Credit: Philip Patenall/Macmillan Publishers Limited

Whole-genome sequencing (WGS) offers the potential to predict antimicrobial susceptibility from a single assay in health-care settings and expedite the investigation of resistance in slow-growing bacteria such as Mycobacterium tuberculosis. Despite advantages over traditional antimicrobial susceptibility testing (AST) of bacteria, WGS-inferred AST has yet to be applied to guide clinical decisions1. One reason for this is our incomplete knowledge of how genetic variants correlate with susceptibility for specific antimicrobials. To address this, recent studies have used genome-wide association studies (GWAS) and machine learning to identify previously unknown resistance determinants and assess the effect of SNPs or genes on resistance in various bacterial species.
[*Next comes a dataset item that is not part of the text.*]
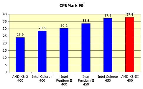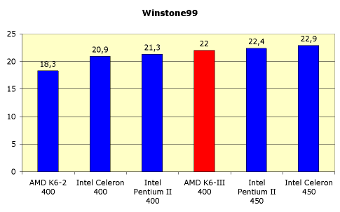 Здесь K6-III не так уж и плох, хоть и не дотягивает до Pentium II.

In one of the largest and most comprehensive studies published to date, Coll et al. used the combined power of WGS and GWAS to uncover novel mutations associated with resistance to cycloserine, ethionamide and para-aminosalicylic acid from a collection of 6,450 M. tuberculosis isolates2. The analysis highlighted the importance of including small indels and large deletions for improving the predictability of resistance phenotypes. The authors also uncovered a number of epistatic interactions, shedding light on the compensatory mechanisms employed by the bacterium. Studies such as this have advanced our understanding of the complex mechanisms governing bacterial phenotypes and expanded the evidence base for the development of molecular diagnostic tests in clinical settings. However, the analysis output is yet to be translated into clinical settings for decision making.
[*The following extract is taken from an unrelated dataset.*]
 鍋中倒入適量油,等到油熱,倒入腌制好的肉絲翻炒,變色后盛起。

Ideally, the bioinformatics pipeline for clinical use should be designed to yield quantitative measures of resistance, such as minimum inhibitory concentration (MIC), which can be used to guide clinical decisions. Li et al. developed a machine-learning model to predict MICs of six β-lactam antibiotics based on the amino acid sequences of three penicillin-binding proteins (PBPs) in Streptococcus pneumoniae3. The model was trained with a data set of 2,528 invasive isolates and then challenged by another collection of 1,781 isolates that contained 109 new PBP sequences that the model had not encountered during training. The MIC predictions showed >97% agreement with phenotypic MICs within ±1 dilution. The very major discrepancy (resistant isolate predicted as sensitive) rate was 1.4%. Incorporating newly identified mutations in the model may improve the accuracy of predictions.

Nguyen et al. also tested the possibility of using machine-learning to predict the MICs of a comprehensive panel of 20 antibiotics for Klebsiella pneumoniae4. They used overlapping decanucleotides from whole-genome assemblies as input that requires no a priori knowledge of the encoded gene content. The overall accuracy of their model was 92%, ranging from 61–100% for individual antibiotics, with accuracy being largely dependent on the number of resistant isolates that were sampled for each antibiotic. The authors also compared the model that used entire genomes with alternatives that used only known antibiotic resistance genes or non-antibiotic resistance genes. Surprisingly, the overall accuracy of these models remained at 92% and the accuracy for each antibiotic was also nearly identical, suggesting that known antibiotic resistance genes are sufficient for performing MIC prediction in K. pneumoniae, whose antibiotic resistance is usually conferred by acquisition of antibiotic resistance genes. The comparison also revealed that the analysis of non-antibiotic resistance genes, possibly the resistance-associated mobile genetic elements (for example, ISEcp1 associated with blaCTX-M), could predict resistance without any information from the causative genes or mutations in K. pneumoniae. This study provided a comprehensive framework for building MIC prediction models for other pathogenic bacteria.

In summary, these recent studies demonstrate the value in combining the insights we gain into the genetic determinants of resistance from GWAS with machine-learning to accurately predict resistance. The competitive performance of these methods indicates that they may enable us to make more accurate clinical predictions using raw sequencing data.